Berkembangnya zaman menciptakan berbagai alternatif ruang kerja. Dengan tugas arsitek yang butuh banyak referensi inspirasi, tempat baru tentu bisa saja membantu kebanyakan dari mereka.
Adira, jangan ditanya, arsitek prinsipal yang tidak mau diam.
Ruang kerja ini hanya satu dari puluhan tempat yang ditemukan. Untuk kunjungi di saat menyempurnakan proyek-proyeknya.
“Bu, mau saya panaskan kopinya?”
Sapaan tak terduga itu melemparkan wajah Adira ke asal suara. Titik api yang bagai lampu seret itu akhirnya melebar. Adira buyar dan mengingat dirinya ada di cafe.
“Iya, terima kasih,” Adira kembali bernafas.
Pelayan yang sering dipandang Adira ini akhirnya mengambil cangkir yang masih penuh.
Berkutak kembali ia dengan waktu yang utuh akan pekerjaan. Ditambah lagi, team yang menangani desain studio kemarin sangat antusias sampai mengirimkan tiga alternatif final ke Adira.
Menumpuk pekerjaan bukan gaya si pengusaha hebat ini.

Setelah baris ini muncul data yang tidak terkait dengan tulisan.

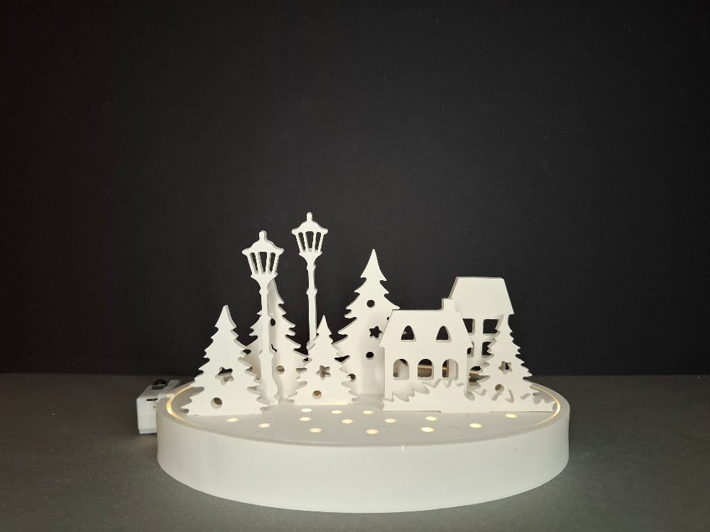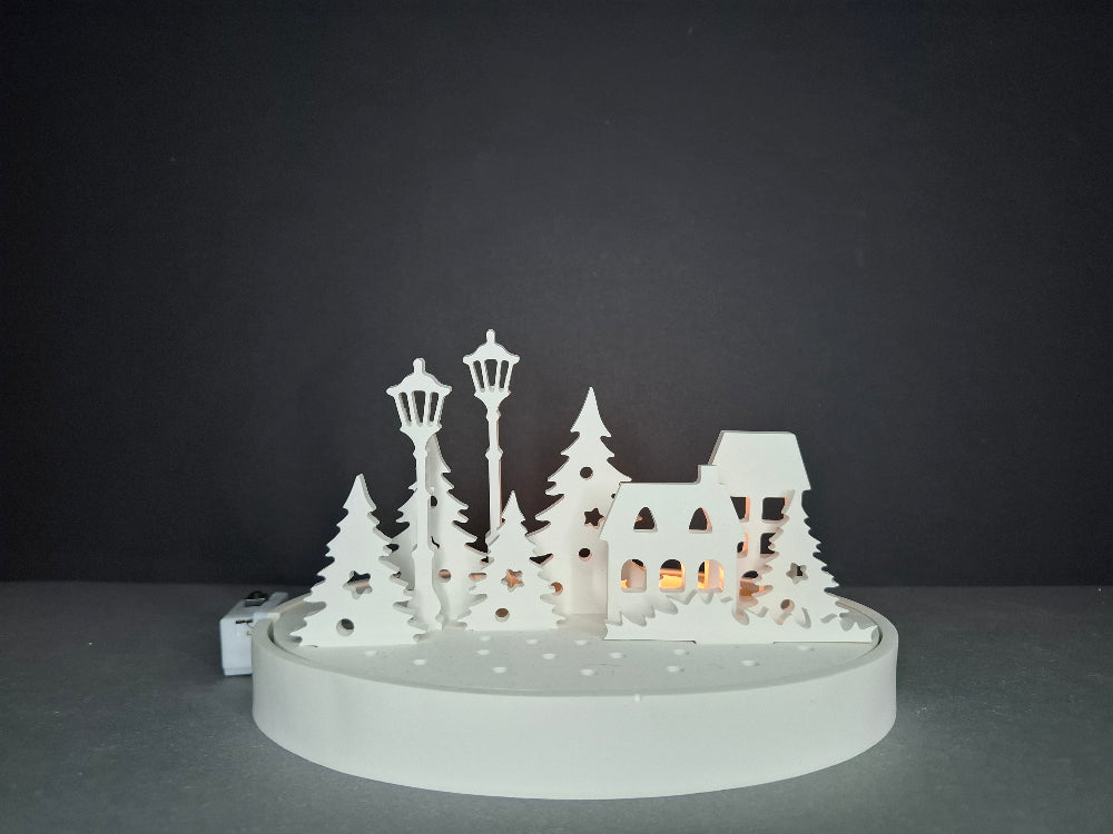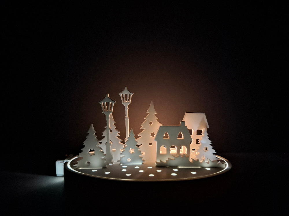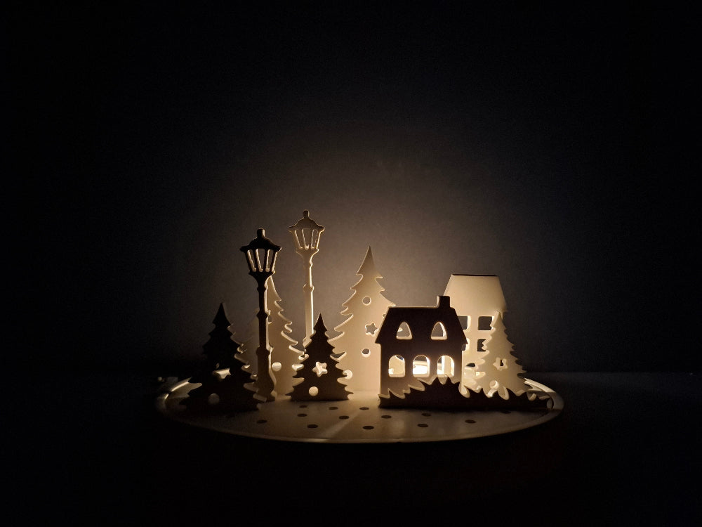 Winterdorf mit authentischer LED- und Kerzenbeleuchtung für stimmungsvolle Winterabende. Dieses dekorative Dorf schafft eine gemütliche Atmosphäre und eignet sich ideal als Blickfang für die Weihnachtszeit. Die kombinierte Beleuchtung erzeugt warmes, diffuses Licht und verleiht Ihrem Zuhause festlichen Glanz. Perfekt für Fensterbretter, Regale oder als Tischdekoration – ein zeitloses Accessoire für die kalte Jahreszeit.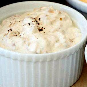 Laced with caramelized onions, this fresh-tasting dip will disappear quickly at parties and on picnics. A touch of cayenne adds a spicy kick.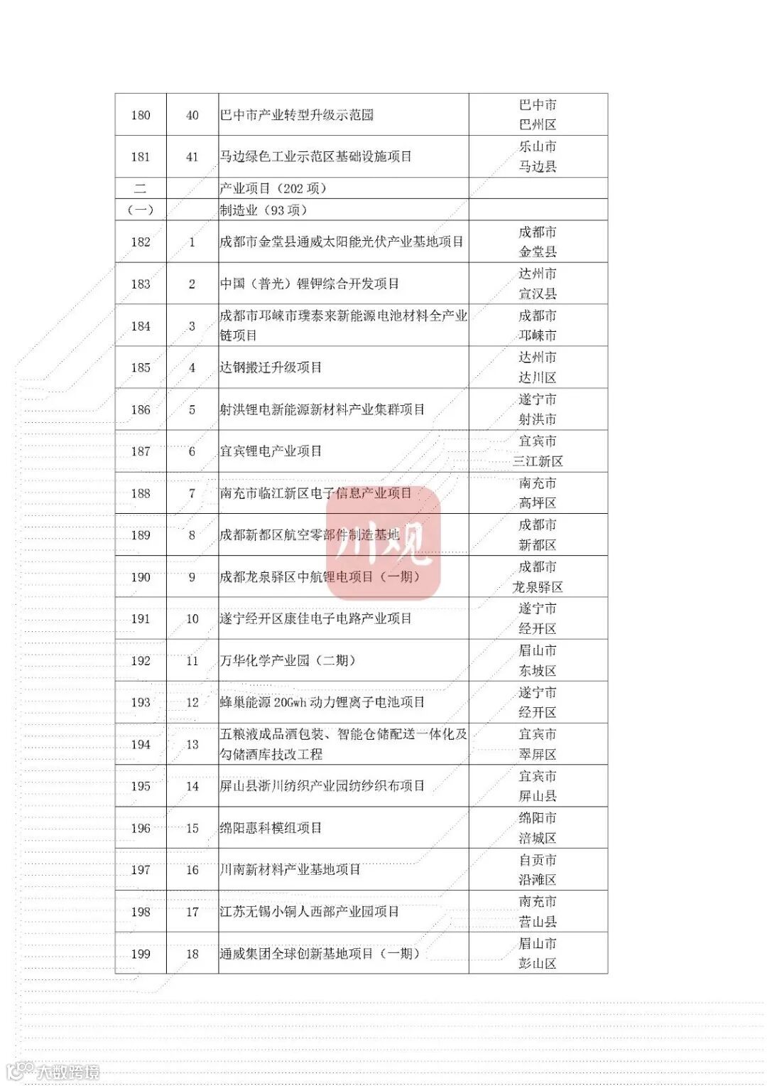 其中,产业项目数量位居最多,为327个,包括恒力(泸州)功能性纤维新材料项目、眉山市杉杉年产20万吨锂离子电池负极材料项目等。基础设施项目位居次席,达269个,重点涵盖G4216线仁寿至攀枝花高速公路、亭子口灌区一期工程等。而民生工程及社会事业项目和生态建设及环境保护项目则分别为78个、26个。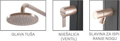 Antracit boje, cijev INOX AISI 304 boje bakra, anti-kalk glava, jednoručna mješalica (za toplu i hladnu vodu), slavina za pranje ruku.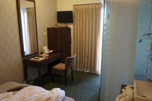 Номер, стекланная стенка справа, это туалет-душ.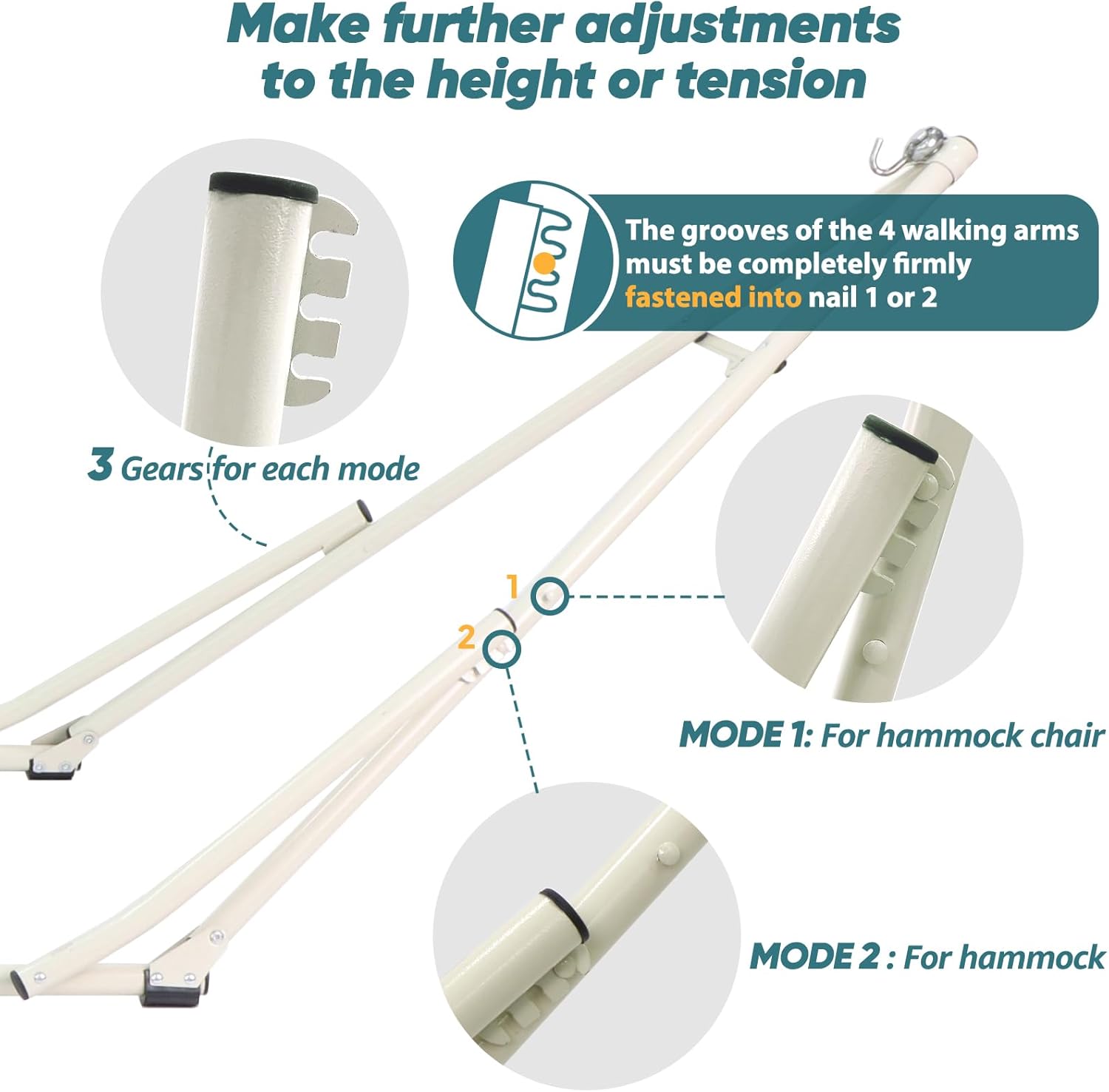 - Easy to Assemble :Hammock stand can be easily set up or take it down in just a few minutes without tools. Removable screw design, with the adjustable hooks on the stand, you can decide how low or high the hammock to swing.Both backyard and portable hammock stands are easy to set up and hang your hammock from. And you donโt need to measure the distance between anchor points.Free yourself from head to toe and enjoy the fun of the hammock stand.

Tangannya menemani papan dari komputer mini ini sampai ke garis desain terakhir.
Kopi yang panas itu sudah habis. Suara kicauan menandakan pagi hari.
“Bu, mau saya siapkan kopi lagi?”
Adira menyadari arah jarum panjang itu. Senyum akrab itu sungguh membuat Adira tidak nyaman.
“Satu Americano, to go. Bill-nya juga,” Adira menutup alat elektronik yang sudah begadang bersamanya, “Oh, saya juga pesan, take away, breakfast set yang full dan... Toasted fruit loaf.”
“Baik, tolong ditunggu.”
Diakui ia sudah terlalu lama ada di sini. Cafe boleh jadi tidak pernah tutup, tapi ia tidak harus di aini sampai esok datang lagi.
Sepagi ini, ia memilih untuk langsung ke office. Tidak ada salahnya untuk hadir pagi dan pulang siang. Pastinya setelah meninggalkan sisanya ke Daffa dan para pegawai lainnya.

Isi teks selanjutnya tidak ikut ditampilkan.